Efficient Edge AI for Security

Sambit Bhattacharya, Paul Rodriguez, Abhirup Dasgupta, Johnathankeith Murchison, Miriam Delgado, Anita Amofah, Abdullah Waleed, Waylon Robinson, Felecia M., James S.

We present progress on the Efficient Edge AI for Security project, an initiative for developing edge-deployed artificial intelligence solutions for intelligent crowd behavior analysis and security monitoring. The project addresses critical security challenges by enabling near real-time video analytics directly on resource-constrained edge devices.

The team has successfully developed Sentinel Nexus V2.0, an integrated system architecture featuring edge devices with video capture capabilities, networked connectivity, and a user-friendly interface enabling operators to deploy natural language queries through video language models for efficient data triage. It comprises of three components: host client, server middleware, and edge client, facilitating device discovery, query transmission, and image retrieval across distributed surveillance networks.
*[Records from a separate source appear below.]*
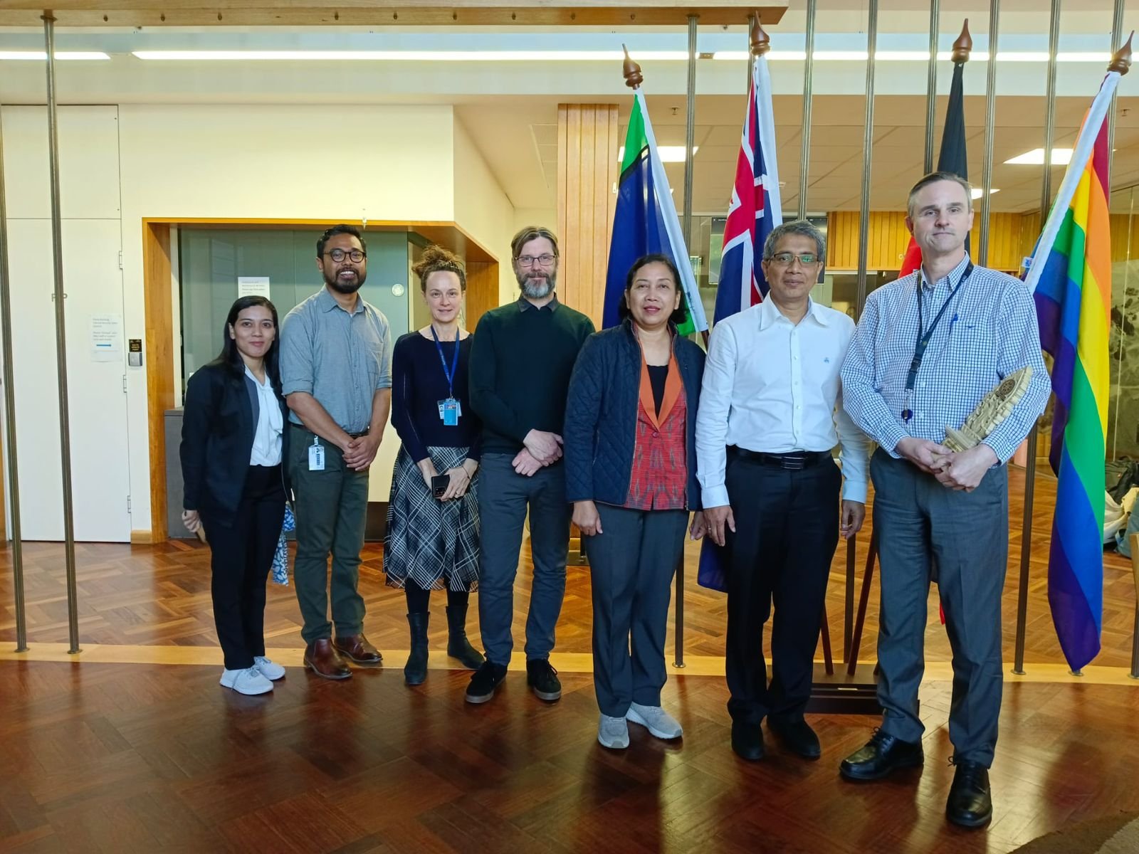 Dekan FK UNUD, Prof. Dr. dr. Komang Januartha Putra Pinatih, M.Kes dan tim, diterima langsung oleh Prof. Christine Phillips (CHM), Prof. Paul Fitzgerald (SMP Director), Associate Prof. Alex Webb (Medical Program ANU SMP), Prof. Tony Steward dan Dr. Matthew Kelly (keduanya dari NCEPH ANU)
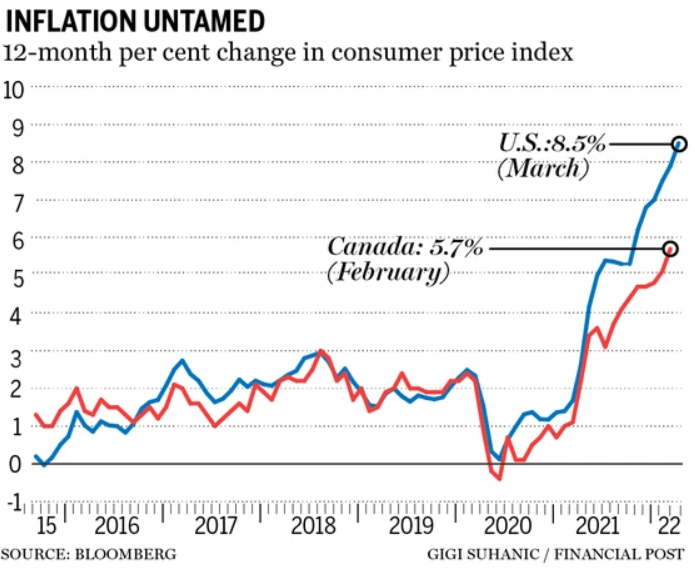The Bank of Canada said the war in Ukraine was the primary reason it underestimated inflation. Russia and Ukraine are big exporters of oil, natural gas, wheat and other commodities, and prices for those important inputs have soared since Russian President Vladimir Putin’s invasion of Ukraine on Feb. 24.
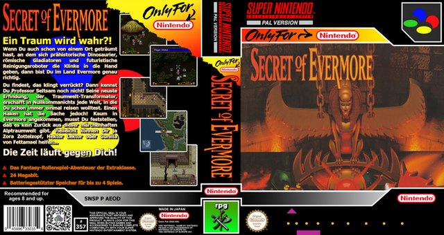RCC alternative cover for Secret of Evermore (SNSP P AEO*) by Nintendo.Those covers were created via GIMP and are meant to be used with Retro Cartridge Cases (www.startnext.com/rcc ). When the RCC are available, all covers will be released to the public.
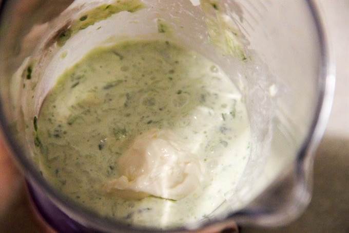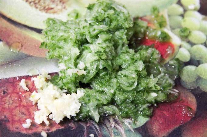 Итак, для белого соуса натереть огурец на мелкой терке, измельчить чеснок. Добавить сметану, соль и перец.
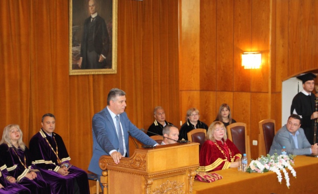 "За мен е изключителна чест и привилегия да ви приветствам с откриването на новата академична година. Това е голям празник на духовността и знанието, защото началото на всяка нова учебна година е преклонение към познанието. То е най-ценният неизчерпаем ресурс, с който ние като човечество разполагаме", посочи пред академичната общност, студентите и гостите на събитието министър Цеков.
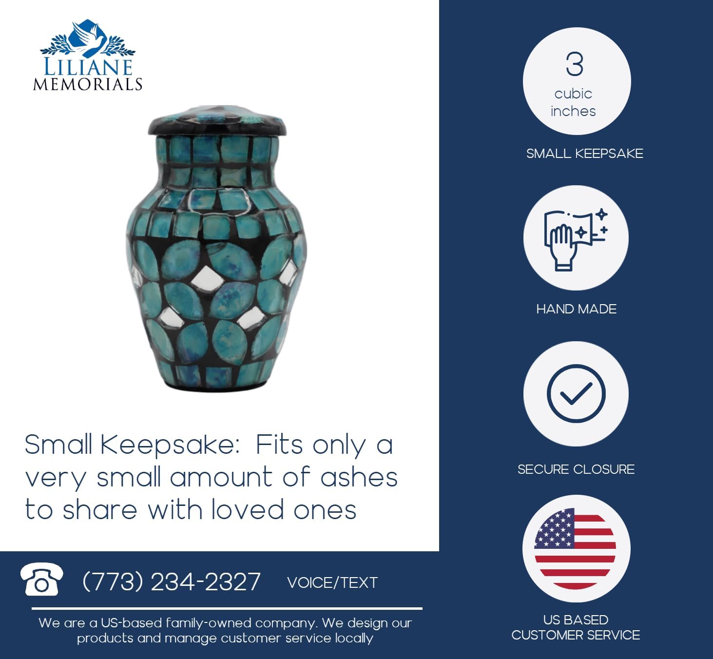 HANDCRAFTED miniature keepsake cremation urn. Each individual urn is a unique work of art to commemorate a beautiful soul. Hand applied and glued blue glass tiles form a brilliant pattern that is as unique as your loved one. Includes a black velvet storage or gift bag. KEEPSAKE SIZE is designed for sharing a small portion (3 cubic inches / 3 tablespoons) of cremated remains ashes among family members. Can hold human cremains or ash of a pet, a flower petal, earth from a gravesite or a lock of hair.SCATTERING CEREMONY: Perfect for keeping a small memento after a scattering ceremony. Keep a small amount of remains, sand from a beach, soil from urn burial location, or water from the ocean or river where scattering ceremony took place.Quality you can feelEach urn is handcrafted by an experienced artisan in India. Made in metal for indoor use, the urn is made with hand-applied glass pieces and finished in a beautiful shiny lacquer that will not tarnish or fade. SAFE STORAGEMade with a secure metal screw lid to ensure safe keepsake.IMPORTANT This is a keepsake or token urn that measures just under 3" in height and fits approximately 3 cubic inches. Liliane Collection carries a full line of full size urns on Amazon (including matching mosaic urns)THIS IS A SMALL MINIATURE URN THAT FITS A VERY SMALL AMOUNT OF CREMAINS
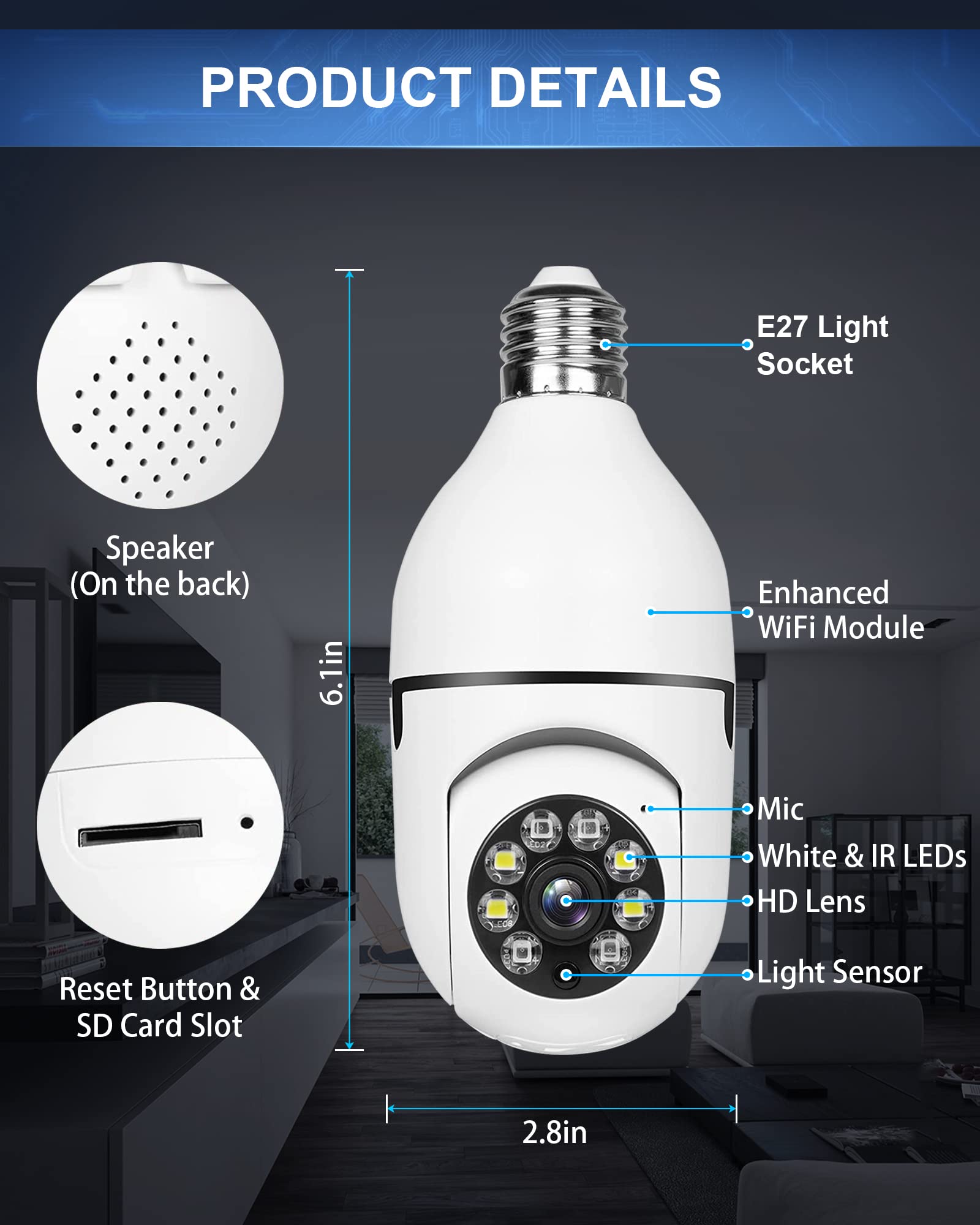 Featuring advanced infrared night vision, this bulb camera ensures you never miss a detail, even in pitch-black darkness. Protect your home 24/7 with sharp, high-definition footage, day or night!
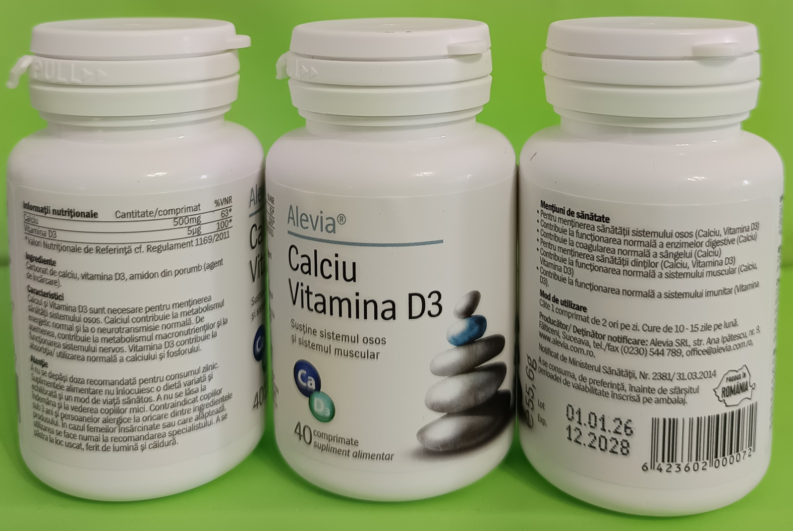 Calciul si Vitamina D3 sunt necesare pentru menținerea sănătății sistemului osos.
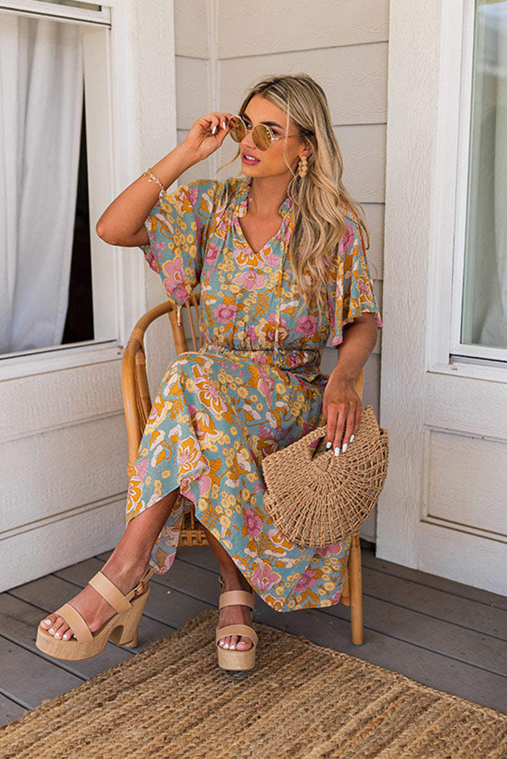 - Tiered maxi dress creates a flowy and ethereal silhouette
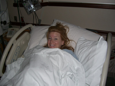When I got there, I was already having contractions about six minutes apart.  The nurse asked me on a scale of 1 - 10 how painful they were, and I said about a one.  (A five is equivalent to a really bad migraine headache.)  They then gave me a pill to thin my cervix, and afterward I was supposed to sleep until the morning.  Micah had a chair that turned into a bed and slept pretty well.  But when he woke up, he did tell me that his back was “about a 5″.  Somehow, he takes the whole “sympathy pregnancy” thing a little far!  I, on the other hand, had nurses coming in every thirty minutes to poke and prod me and move my baby’s heart rate monitor around….which made my night’s sleep pretty lousy.
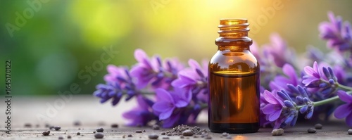 Calming Lavender Essential Oil Close-up of a bottle and fresh flowers, evoking serenity and wellness. Ideal for aromatherapy, spa, and beauty content.

The edge subsystem employs a modular three-script architecture where the client listens for commands, the handler interprets requests, and containerized models execute detection tasks.

Initial hardware validation employed edge devices, and camera sensors. Performance benchmarking demonstrated significant improvements. Network functionality validation confirmed successful message and image transmission, including testing with open vision-language AI models.

Ongoing and future research focuses on addressing the ephemeral data challenge, developing surveillance-specific adaptations of lightweight vision-language models for edge devices, implementing storage-aware batch processing algorithms that optimize analysis within deletion windows, and creating result aggregation protocols that combine findings from multiple independent edge devices. These advancements will enable analysts to broadcast natural language queries simultaneously across entire surveillance networks, with each device independently processing video archives and returning matching content before deletion cycles eliminate source data.